[Records contained in a dataset]

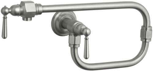 KOHLER K-7322-4-BS HiRise Wall-Mount Kitchen Pot Filler, Brushed Stainless
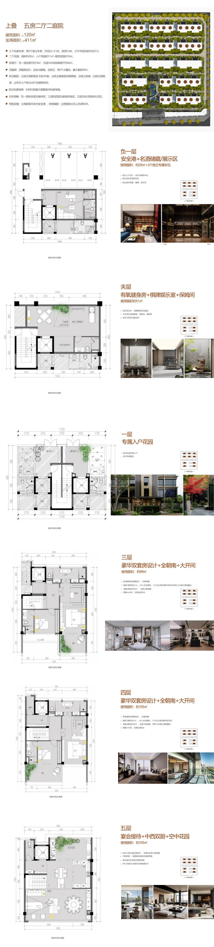 项目以“超高拓展率”为核心卖点,通过地下室、庭院、屋顶花园赠送,实现建面与实得面积1:3.4-4.4的稀缺比例。
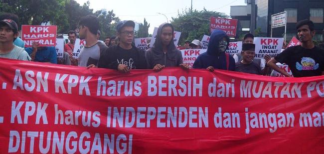"KPK harus responsif, sekarang sudah banyak desakan rakyat bahwa Novel harus dipecat karena sudah berpolitik," kata Koordinator KMP, Mas Latu di halaman Gedung KPK, Jakarta, Selasa (6/5).
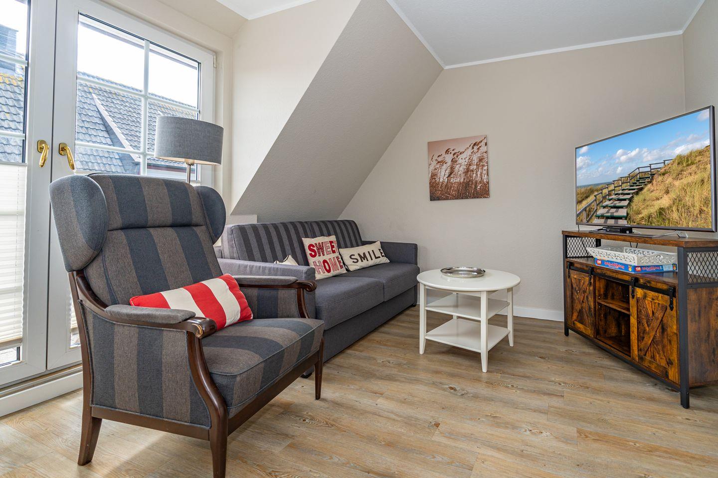 Diese wunderschöne 3-Zimmer-Ferienwohnung im Norden von Westerland ist unweit vom Strand gelegen. Auch die Westerländer Fußgängerzone ist fußläufig zu erreichen. Die Ferienwohnung (ca. 61 qm) ist auf zwei Ebenen aufgeteilt, Obergeschoss und Dachgeschoss.
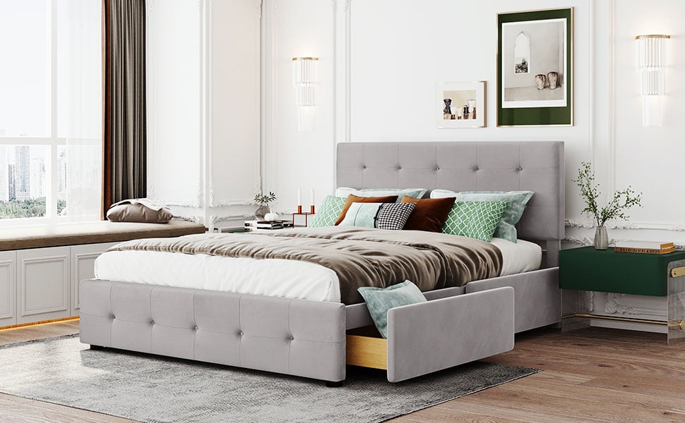 【Stile classico】Stile classico e coprimaterasso rigido, tessuto in velluto delicato sulla pelle e quattro cassetti portaoggetti, questo classico letto a piattaforma imbottito è l’ideale per adulti, bambini, adolescenti e letti per ospiti
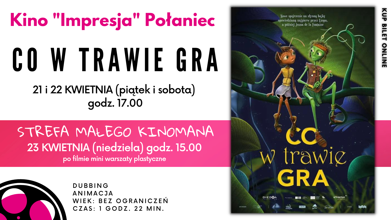 👇STREFA MAŁEGO KINOMANA: 📌 23 kwietnia (niedziela) ⏰godz. 15.00 👆 po filmie mini warsztaty plastyczne 🎨
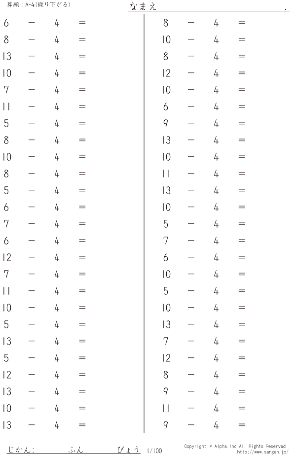 上記のボタンから「A-4…繰り下がりあり」の算数数学ドリル・計算ドリル(PDFプリント)がダウンロードできます。個人利用は無料です(家庭以外での配布は有料です)。
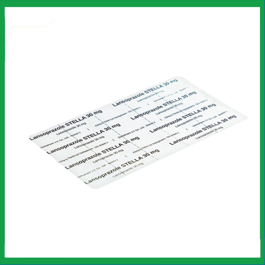 Viên Lansoprazol 30 là viên nang cứng số 1, đầu nang màu đỏ đục in logo của công ty Stellapharm màu trắng, thân nang màu tím trong, chứa vi hạt màu trắng đến trắng ngà.
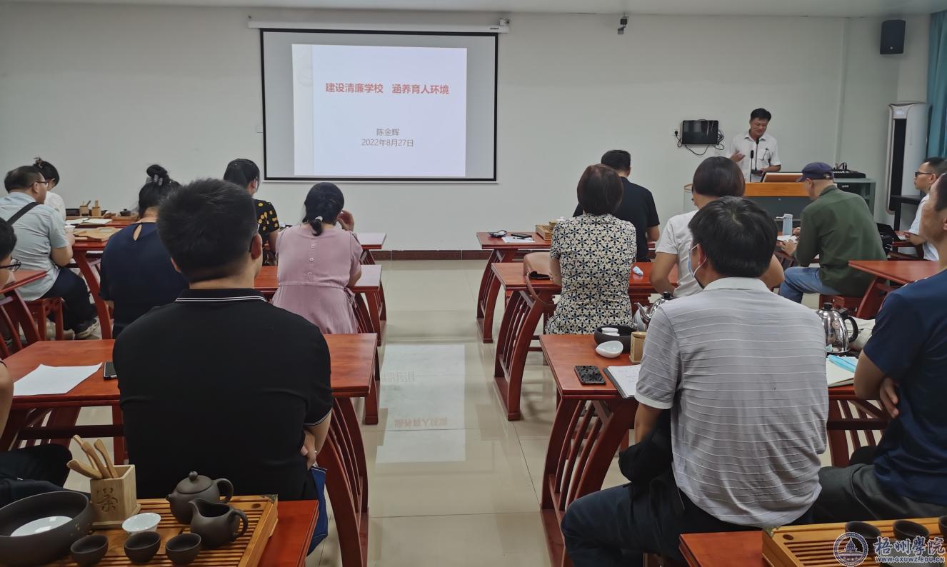8月27日下午,食品与制药工程学院召开建设清廉学校专题学习会,学院党委书记陈金辉以《建设清廉学校 涵养育人环境》为题,为全体教职工上了一堂生动的清廉教育课。

== What this task involves ==
Could the entries above be written out word for word, pictures excluded?

== Written answer ==
 KOHLER K-7322-4-BS HiRise Wall-Mount Kitchen Pot Filler, Brushed Stainless
 项目以“超高拓展率”为核心卖点,通过地下室、庭院、屋顶花园赠送,实现建面与实得面积1:3.4-4.4的稀缺比例。
"KPK harus responsif, sekarang sudah banyak desakan rakyat bahwa Novel harus dipecat karena sudah berpolitik," kata Koordinator KMP, Mas Latu di halaman Gedung KPK, Jakarta, Selasa (6/5).
 Diese wunderschöne 3-Zimmer-Ferienwohnung im Norden von Westerland ist unweit vom Strand gelegen. Auch die Westerländer Fußgängerzone ist fußläufig zu erreichen. Die Ferienwohnung (ca. 61 qm) ist auf zwei Ebenen aufgeteilt, Obergeschoss und Dachgeschoss.
 【Stile classico】Stile classico e coprimaterasso rigido, tessuto in velluto delicato sulla pelle e quattro cassetti portaoggetti, questo classico letto a piattaforma imbottito è l’ideale per adulti, bambini, adolescenti e letti per ospiti
 👇STREFA MAŁEGO KINOMANA: 📌 23 kwietnia (niedziela) ⏰godz. 15.00 👆 po filmie mini warsztaty plastyczne 🎨
 上記のボタンから「A-4…繰り下がりあり」の算数数学ドリル・計算ドリル(PDFプリント)がダウンロードできます。個人利用は無料です(家庭以外での配布は有料です)。
 Viên Lansoprazol 30 là viên nang cứng số 1, đầu nang màu đỏ đục in logo của công ty Stellapharm màu trắng, thân nang màu tím trong, chứa vi hạt màu trắng đến trắng ngà.
8月27日下午,食品与制药工程学院召开建设清廉学校专题学习会,学院党委书记陈金辉以《建设清廉学校 涵养育人环境》为题,为全体教职工上了一堂生动的清廉教育课。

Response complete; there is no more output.